3.Waardering van het bewijs

3.1.
Standpunt van het Openbaar Ministerie
De officier van justitie heeft zich op het standpunt gesteld dat verdachte moet worden vrijgesproken. De officier van justitie heeft hiertoe kort gezegd het volgende aangevoerd.
Verdachte is degene die in zaaksdossier 7 de container met bananen en cocaïne in de haven van Rotterdam heeft opgehaald en naar [naam bedrijf 1] heeft gebracht. Een andere chauffeur zou, conform de transportopdracht, deze container ophalen om te vervoeren toen bleek dat verdachte dat al had gedaan. Deze omstandigheden zijn opmerkelijk en het is ook opmerkelijk dat verdachte geen tekst en uitleg wenst te geven. Het voorgaande is echter onvoldoende om te bewijzen dat verdachte het oogmerk had op de (medeplichtigheid bij de) invoer van een partij cocaïne.
3.2.
Standpunt van de verdediging
De raadsman heeft vrijspraak bepleit en heeft hiertoe kort gezegd het volgende naar voren gebracht.
Er zijn geen bewijsmiddelen waaruit volgt dat verdachte wetenschap had van het criminele oogmerk van de organisatie. De bijdrage van verdachte zou bestaan uit het vervoeren van een container met daar in bananen en 30 kilogram cocaïne. Er is echter geen bewijs ter zake de wetenschap bij verdachte van cocaïne. Verdachte heeft een transportopdracht gekregen en heeft deze uitgevoerd. Er was geen aanleiding om te veronderstellen dat er iets niet in de haak was. De veronderstelling van de recherche, dat verdachte de container bij [naam bedrijf 1] langs heeft gebracht zodat de cocaïne eruit kan worden gehaald, vindt geen steun in het dossier. Subsidiair is het zo dat verdachtes deelneming niet van een ‘zekere duur en intensiteit’ is geweest. Ook kom die reden dient vrijspraak te volgen.
3.3.
Oordeel van de rechtbank
De in artikel 11b van de Opiumwet (Ow) bedoelde organisatie die – kortgezegd - tot oogmerk heeft het plegen van een of meer drugsdelicten, hangt nauw samen met de organisatie die als oogmerk heeft het plegen van misdrijven (in het algemeen) als bedoeld in artikel 140 van het Wetboek van strafrecht (Sr). Het verschil ligt met name in de strafbedreiging: maximaal 6 jaar voor artikel 140 Sr en maximaal 8 jaar voor artikel 11b Ow.

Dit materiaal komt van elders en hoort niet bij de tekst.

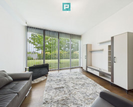 • Grădină principală cu acces direct din terasă, amenajată cu gazon și plante decorative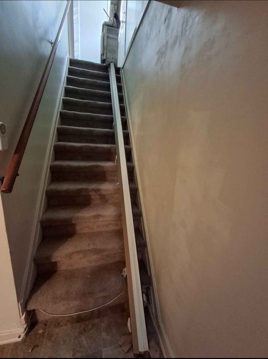 This lift has seen nearly no usage whatsoever, it was installed and used maybe once or twice a month. Covers 14 steps, can be cut if too long. 350 lb. capacity.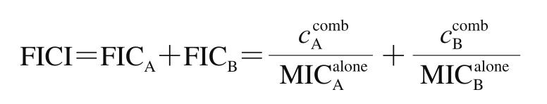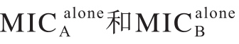 分别是A和B在组合中的有效浓度。当FICI≤0.5,表明二者具有协同作用;0.5<FICI≤0.75,表明二者具有部分协同作用,0.75<FICI≤1,表明二者具有相加作用;1<FICI≤2,表明二者具有无关作用;FICI>2,表明二者具有拮抗作用。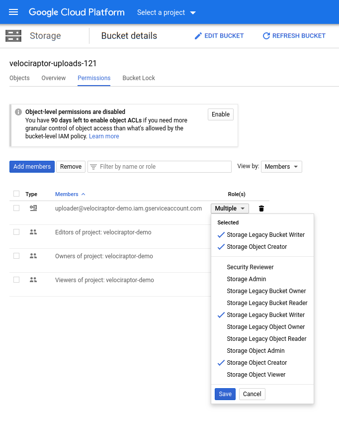 Selecting the “Permissions” tab, we are able to add the service account as a member — we will only give it the ability to write on a bucket and create new objects. This is important since is means that the service account is unable to read or list objects in this bucket. Since we will embed the service account key in our config file we need to make sure it can not be misused to compromise collections from other machines.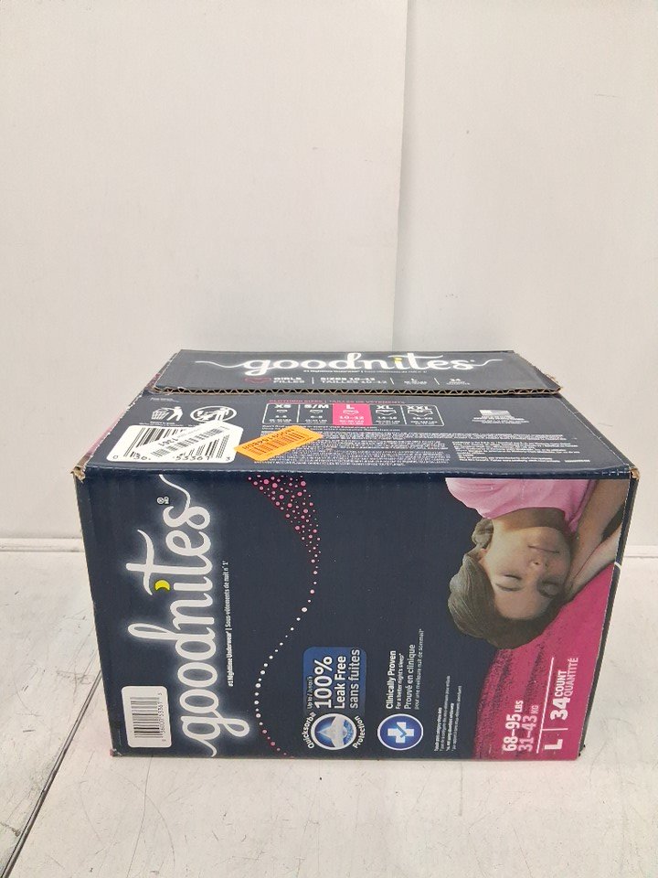 34PK GIRLS GOODNITES BEDWETTING NIGHTTIME UNDERWEAR - LARGE - FITS SIZES 10-12 - 69-95LBS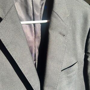 This is the very loved Aldridge jacket, size 40 short, J.Crew Italian wool. Great condition, the only notable flaw is the inside left bottom pocket looks like it had some extra dried up soap/residue/possibly mold? I have not tried to wash it yet. I don’t deal enough with special fabrics, and I don’t want to ruin the item. At first, I thought this was black, but in certain lighting it looks like a very, very dark navy blue. So please buy, knowing that the color may look different in real life. I tried to take photos in multiple lighting scenarios. Open to offers!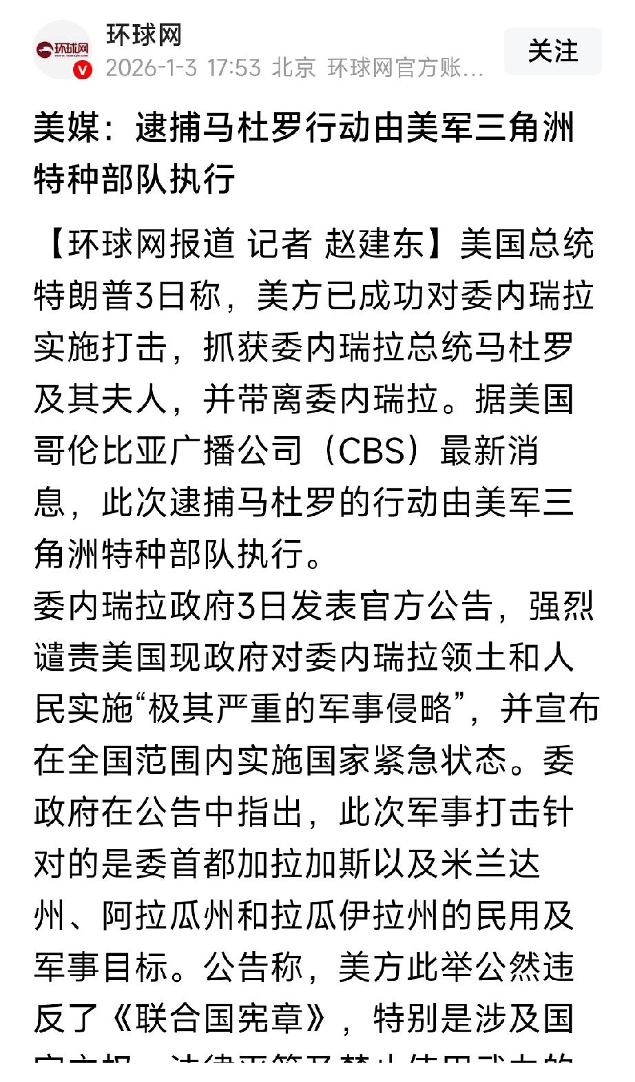 中方强烈谴责:美国对一个主权国家总统动手,深表震惊。
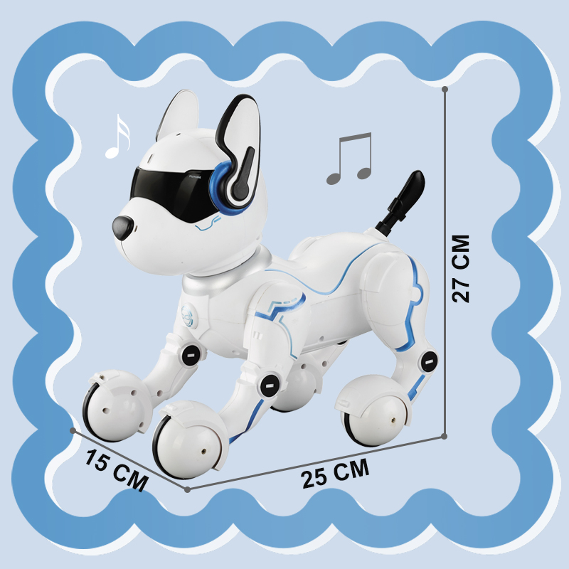 Remote Control】: You may operate the intelligent robot dog and let it do different actions by using the remote control. You may give voice commands to the robot dog. It will respond you like a real dog with the vocal commands.the robot puppy will act like a child and walk around to perform the programming actions. 【Various Actions & Imitation】: The Intelligent robot dog can imitate different animals' forms, just press the "IMITATE" button, this little puppy will imitate the calls and movements of the other animals, It will make your kids laugh for sure. 【Smart Robot Dog】: Intelligent robot dog is an intelligent and highly emulational puppy toy. The puppy's feet are in spherical, it makes you feel the robot dog more realistic. 【Advanced Programming Educational Toy Dog】: Intelligent robot dog is programmable, you can program the actions as you like to train this robot puppy. Just press the button "Programming", you can self program the actions. Pressing the button again, the dog will repeat what you programmed. The programmable robot dog can develop children's brain and improve their intelligence.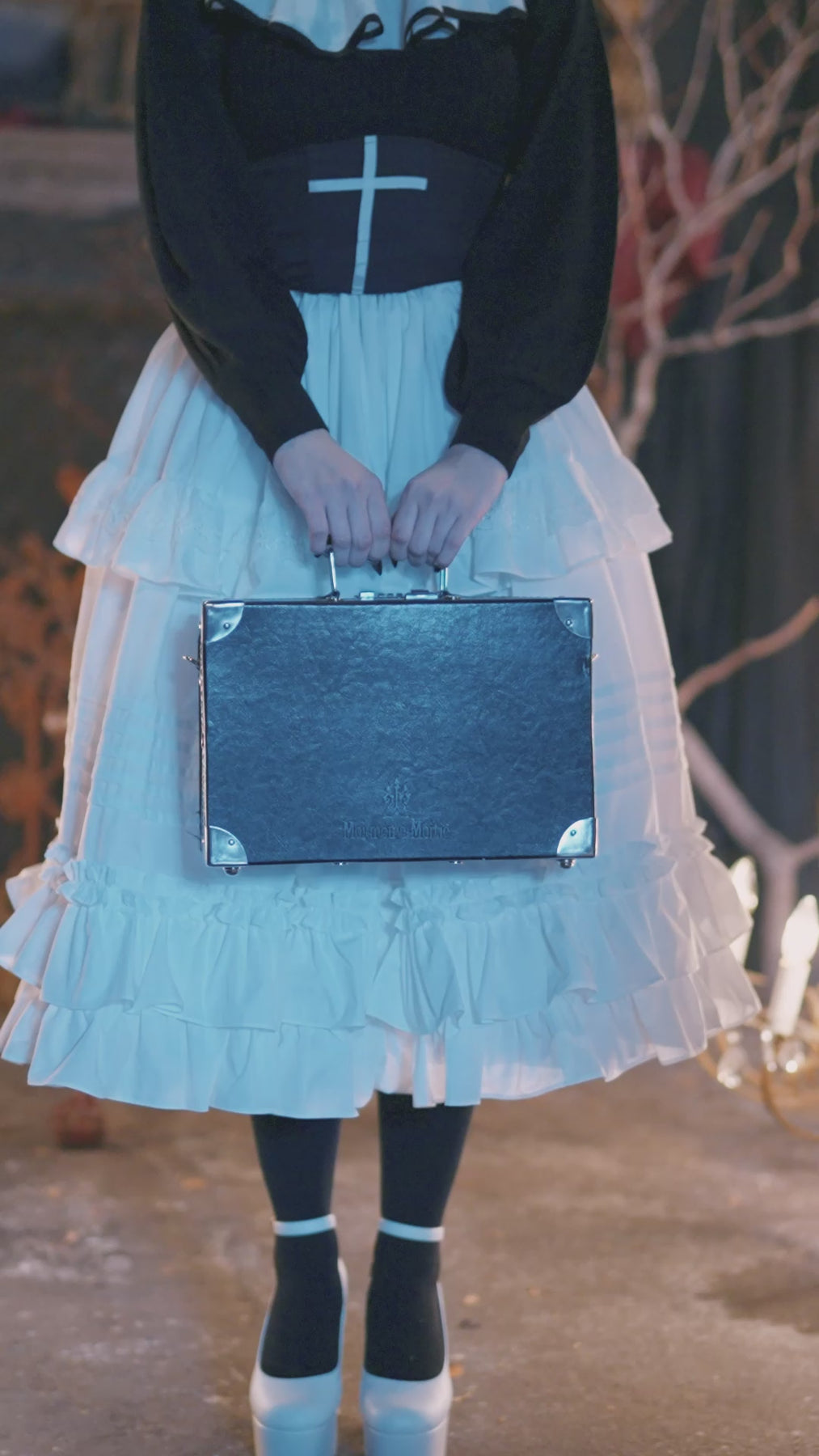 The Moi-même-Moitié trunk case features luxuriously candelabra embroidery with the brand logo and blue lining.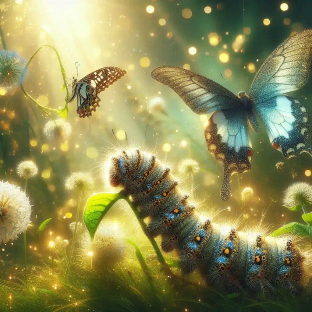 "L’homme doit accepter d’être une chenille et comprendre le processus de transformation exigé. La chenille ne peut pas recevoir la Lumière et vivre en elle. Elle doit prendre le chemin d’être enfermée dans un cocon, coupée du monde pour un certain temps. Dans ce cocon, l’homme aura l’impression que sa vie s’arrête, qu’il est impuissant, rétréci et que ce qui le reliait avec un certain monde s’éteint. En réalité, rien ne s’arrête : l’homme se transforme, développe d’autres sens, d’autres organes, un autre corps. Il sortira de ce cocon comme un papillon et pourra s’envoler, vivre dans plusieurs mondes, danser avec les couleurs et la lumière, découvrir d’autres espaces et d’autres dimensions, voltiger de monde en monde. La transformation de la chenille en papillon est l’image du passage d’une certaine humanité à une humanité essénienne."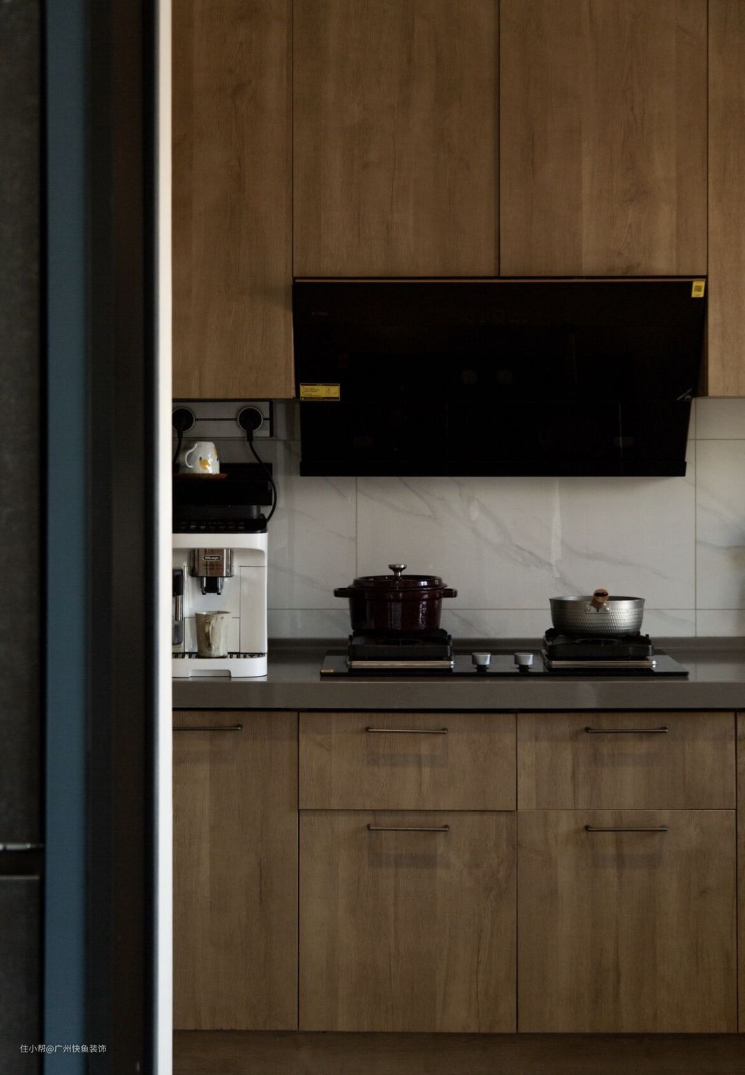 厨房的入门视角,厨房的动线设计根据业主自身动线习惯量手定做,下厨更方便。

Onder “organisatie” wordt verstaan een samenwerkingsverband van tenminste twee personen met een zekere duurzaamheid en structuur. [1] Voor deelneming aan een dergelijke organisatie is in het algemeen vereist dat de verdachte tot deze organisatie behoort en dat de verdachte een aandeel heeft in, dan wel gedragingen ondersteunt die strekken tot of rechtstreeks verband houden met, de verwezenlijking van het oogmerk van de organisatie. [2] Niet is vereist dat komt vast te staan dat verdachte heeft samengewerkt, althans bekend is geweest met alle personen die deel uitmaken van de organisatie. [3] Evenmin is vereist dat verdachte wetenschap heeft van een of meer concrete misdrijven. [4] Wel is vereist dat de deelnemer in zijn algemeenheid weet (in de zin van onvoorwaardelijk opzet) dat de organisatie tot oogmerk heeft het plegen van misdrijven [5] , in het onderhavige geval dus van drugsmisdrijven.
Duurzaamheid en structuur
Uit het dossier en het verhandelde ter terechtzitting, alsmede op basis van de in verschillende zaaksdossiers gebezigde bewijsmiddelen komt in grote lijnen het volgende beeld naar voren:
  • Transportbedrijf [naam bedrijf 1] ( [medeverdachte 2] , [medeverdachte 1] , [medeverdachte 16] en in een losser verband [medeverdachte 8] ) doet regulier transportwerk, maar haalt ook containers met cocaïne op en brengt die naar afgesproken plekken (ZD 3: naar [naam bedrijf 2] , ZD 1 naar [naam bedrijf 3] ) of laadt die uit in de loods aan [straatnaam] (ZD 2, ZD 5).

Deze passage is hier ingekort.